WHAT IS EXPECTED: Only the lines below between the ones containing "Im Februar 1960" and "For iPhone 14", inclusive, are to be reproduced, each exactly as it stands.

INFORMATION PROVIDED:
○ ○ ○

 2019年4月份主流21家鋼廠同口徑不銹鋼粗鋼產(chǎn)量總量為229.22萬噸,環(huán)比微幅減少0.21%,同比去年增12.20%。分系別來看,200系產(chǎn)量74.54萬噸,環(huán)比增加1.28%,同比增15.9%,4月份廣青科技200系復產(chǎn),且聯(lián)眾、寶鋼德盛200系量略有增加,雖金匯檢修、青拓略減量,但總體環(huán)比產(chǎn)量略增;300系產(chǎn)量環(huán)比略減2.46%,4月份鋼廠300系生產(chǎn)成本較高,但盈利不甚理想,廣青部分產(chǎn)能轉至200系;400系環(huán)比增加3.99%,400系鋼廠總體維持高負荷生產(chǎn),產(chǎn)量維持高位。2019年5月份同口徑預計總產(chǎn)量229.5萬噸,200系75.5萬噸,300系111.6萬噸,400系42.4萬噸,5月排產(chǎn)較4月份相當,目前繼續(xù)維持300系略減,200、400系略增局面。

○ ○ ○

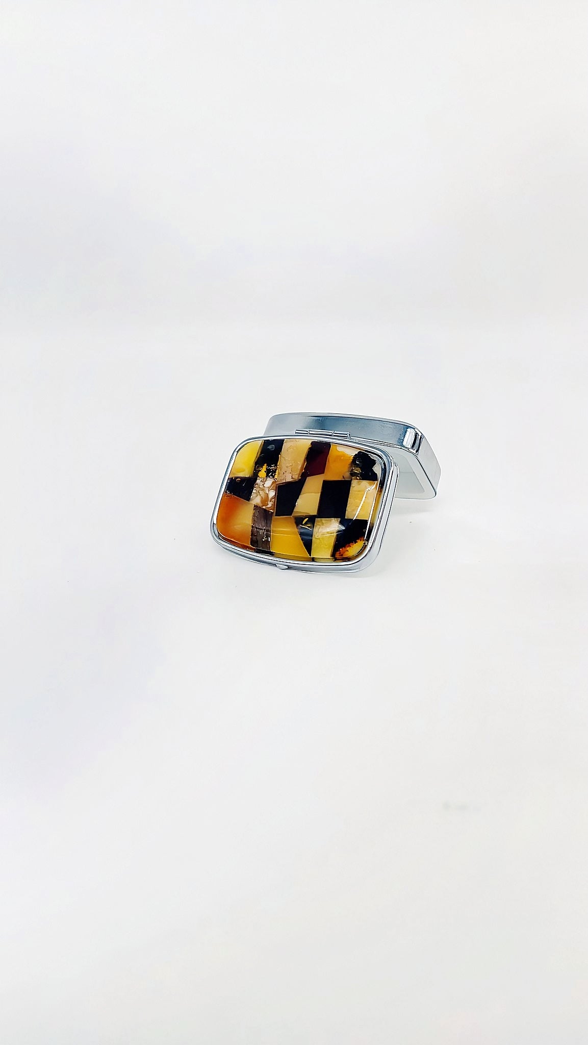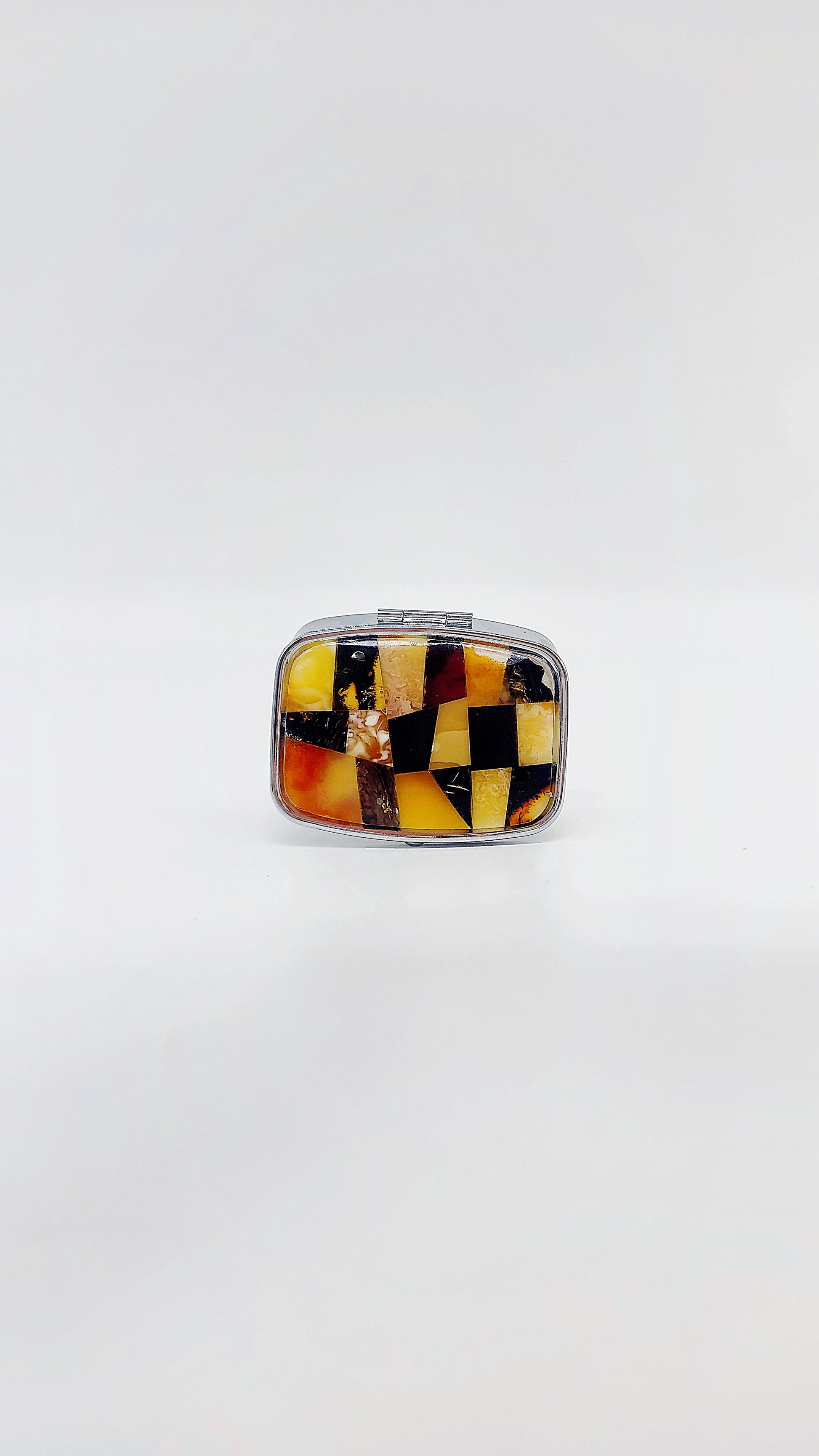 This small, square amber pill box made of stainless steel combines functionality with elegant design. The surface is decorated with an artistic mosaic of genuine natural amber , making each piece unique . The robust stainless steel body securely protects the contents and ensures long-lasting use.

○ ○ ○

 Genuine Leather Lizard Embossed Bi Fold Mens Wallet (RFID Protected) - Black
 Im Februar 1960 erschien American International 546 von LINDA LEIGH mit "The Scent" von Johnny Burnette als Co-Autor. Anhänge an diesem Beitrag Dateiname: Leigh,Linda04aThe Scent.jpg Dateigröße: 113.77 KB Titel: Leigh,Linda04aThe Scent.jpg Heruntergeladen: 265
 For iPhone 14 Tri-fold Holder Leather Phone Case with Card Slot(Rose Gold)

○ ○ ○

RESPONSE:
 Im Februar 1960 erschien American International 546 von LINDA LEIGH mit "The Scent" von Johnny Burnette als Co-Autor. Anhänge an diesem Beitrag Dateiname: Leigh,Linda04aThe Scent.jpg Dateigröße: 113.77 KB Titel: Leigh,Linda04aThe Scent.jpg Heruntergeladen: 265
 For iPhone 14 Tri-fold Holder Leather Phone Case with Card Slot(Rose Gold)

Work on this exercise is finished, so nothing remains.